The diagnosis of PBC-PSC overlap involves a combination of features of both diseases. Typically, patients with either disease in isolation present asymptomatically or report fatigue, pruritus, RUQ abdominal pain, and/or jaundice. In either PBC or PSC there can be mild to moderate elevation in aminotransferase levels, an elevated alkaline phosphatase level, and increased immunoglobulin (IgG and IgM) concentrations. However, specific autoantibodies are a point of differentiation. AMA is a serologic marker present in at least 95% of PBC patients. In contrast, there are no specific serological markers for PSC, but associated autoantibodies include ANA, SMA, and p-anti-neutrophil cytoplasmic antibody (usually in low titers); AMA is virtually absent in PSC patients. Imaging with magnetic resonance cholangiopancreatography is the gold standard for diagnosis of PSC, revealing a characteristic “bead on a string” appearance due to segmental fibrosis of intrahepatic and/or extrahepatic bile ducts with saccular dilatation of normal intervening areas. A liver biopsy is often needed to establish the diagnosis in patients with either disease, in particular for patients suspected to have PBC but with a negative AMA. The histology of patients with PBC is characterized by degenerating bile duct epithelium with ductal obliteration and often formation of a granuloma, called a “florid duct lesion.” Typical liver histology of PSC reveals progressive inflammation and concentric fibrosis of biliary ducts.

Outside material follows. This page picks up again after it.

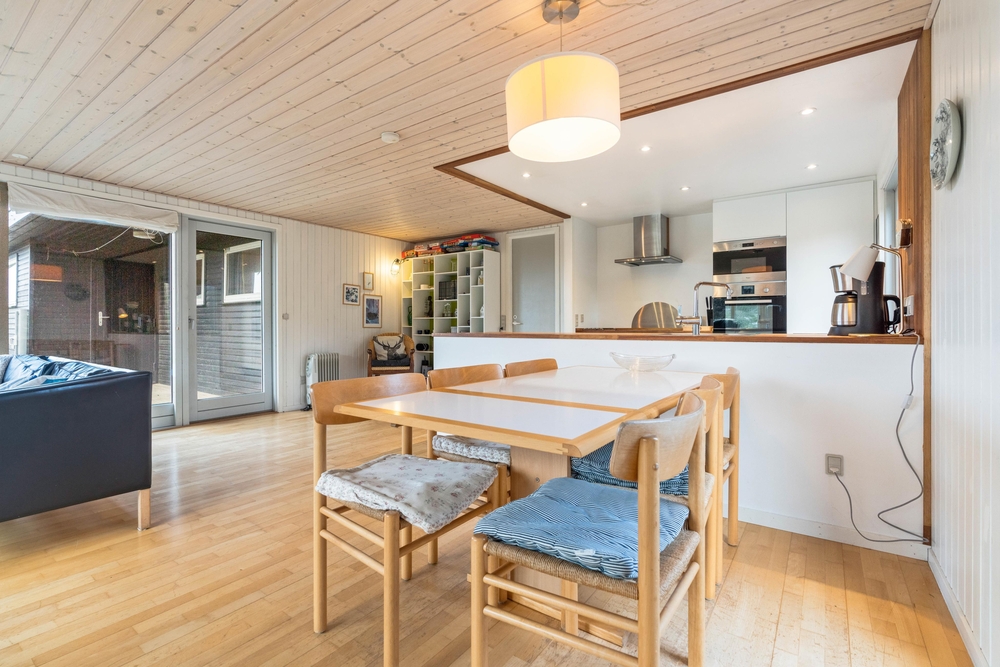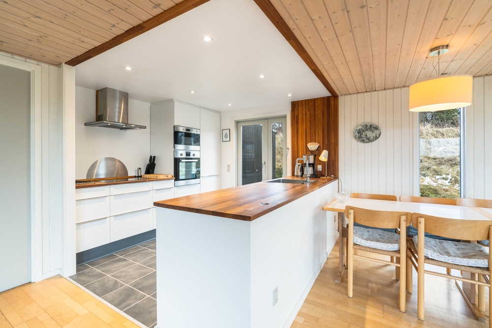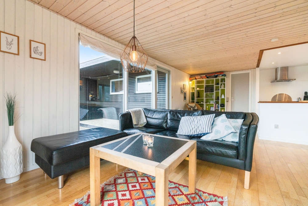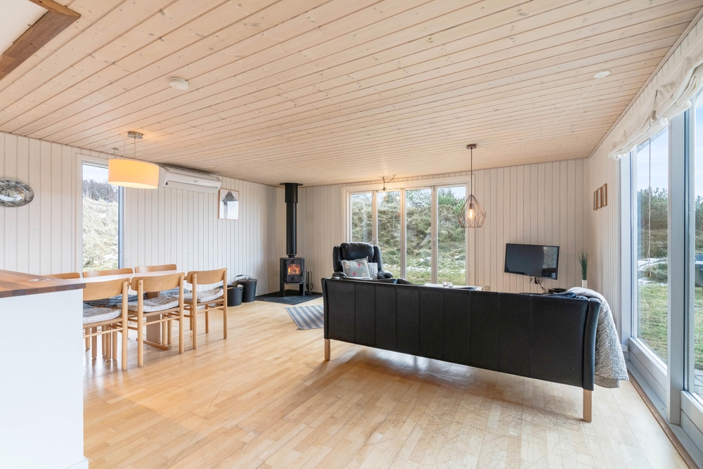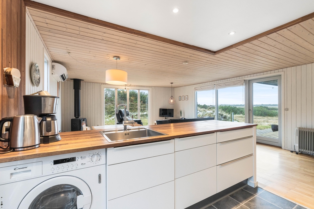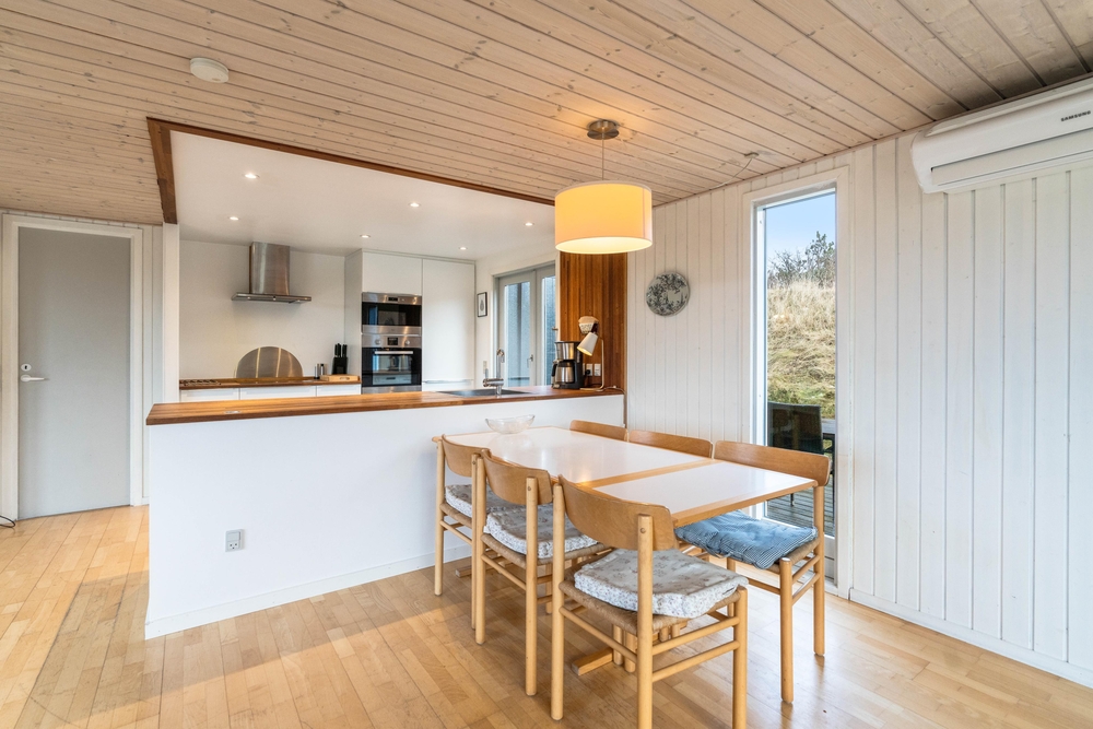 Im Wohn ? und Essbereich gibt es große Fenster, die viel Licht hereinlassen. Es gibt einen Esstisch, an dem ihr euer gemeinsames Abendessen genießen, und danach den Tag auf dem Sofa ausklingen lassen könnt. An den Fernseher ist ein DVD-Player angeschlossen, auf dem ihr selbst mitgebrachte DVD´ s anschauen könnt. Zusätzlich gibt es auch deutsche Fernsehprogramme. An kühleren Tagen lohnt es sich den Kamin anzuzünden und den besonderen Zauber eines dänischen Ferienhauses zu spüren.

Treatment of overlap syndromes lacks clear consensus due to their rarity and the absence of large therapeutic trials. Management is therefore mainly based empirically on data from primary autoimmune hepatobiliary diseases. Ursodeoxycholic acid is the only drug option beneficial in both PBC and PSC and can delay disease progression to cirrhosis. Given the lack of data, it is also not known how the prognoses of such patients differ from those with individual component disorders and if the former group progresses more quickly to cirrhosis. However, as with primary autoimmune hepatobiliary diseases, overlap disease shows a progressive course toward end-stage liver disease and has no curative options. Liver transplantation ultimately remains the only option for such patients.
- “Overlap syndrome” describes forms of autoimmune hepatobiliary disease that have a combination of features of autoimmune hepatitis, primary biliary cirrhosis (PBC), or primary sclerosing cholangitis (PSC); PBC-PSC overlap is rare.
- Treatment of PBC variants with ursodeoxycholic acid may delay disease progression to cirrhosis, but liver transplantation remains the only option in end-stage liver disease secondary to overlap syndromes.